Modification of a method of Golgi, is developed in 1888. Processed by Golgi's method (see. Golgi method ) pieces of fabric immerse in the liquids which were already in the use again — at first in the solution containing potassium bichromate and osmic to - that, then in solution of caustic silver.

The method of identification of neurofibrilla offered in 1903 is based on silver recovery in impregnirovaniy nervous tissue. S. Ramone-and-Kakhalem several modifications of this method in relation to different objects are offered. For identification of neurocytes of a cerebral cortex and granular neurocytes (cells grains) of a cerebellum fresh pieces of fabric maintain in 0,75 — 3% solution of caustic silver at 1 ° 35 ° within 3 — 5 days before emergence of tobacco-brown coloring, after that wash out them in a distilled water within 1 min. and postpone to 24 hours in the liquid containing 1 — 2 g pyrogallic to - you or hydrochinone, 5 ml of neutral formalin and 100 ml of a distilled water, wash out again and conclude in photoxylin or paraffin.
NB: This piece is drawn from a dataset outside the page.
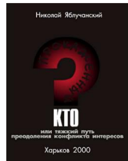
Прокажений хто, або важкий шлях подолання конфлікту інтересів?

Methods of impregnation of a neuroglia

1. Impregnation by gold with corrosive sublimate is offered in 1926. Pieces of fabric fix in bromine-formole (15 ml of neutral formalin, 85 ml of a distilled water and 2 g of ammonium bromide) within 2 — 20 days, frozen sections transfer to the fixing liquid, rinse in water and place on 4 — 8 hours at 7 ° 18 — 22 ° in the freshly cooked solution containing 0,5 — 0,8 g of corrosive sublimate in 50 ml of a distilled water. Add 6 ml of 1% of solution of chemically pure chloric gold to this solution. Then cuts well wash out and fix 6 — 10 min. in 5% solution of sodium hyposulphite or in the fixer Ramón-and-Kakhalya (70 ml of 5% of solution of sodium hyposulphite, 30 ml of 96% of alcohol and 5 ml of the concentrated solution of sodium bisulphite), wash in 50% alcohol, transfer to a slide plate, dry filter paper, apply absolute alcohol, then cretian origanum oil, a xylol, balm. Cells of a neuroglia are painted in purple-red color.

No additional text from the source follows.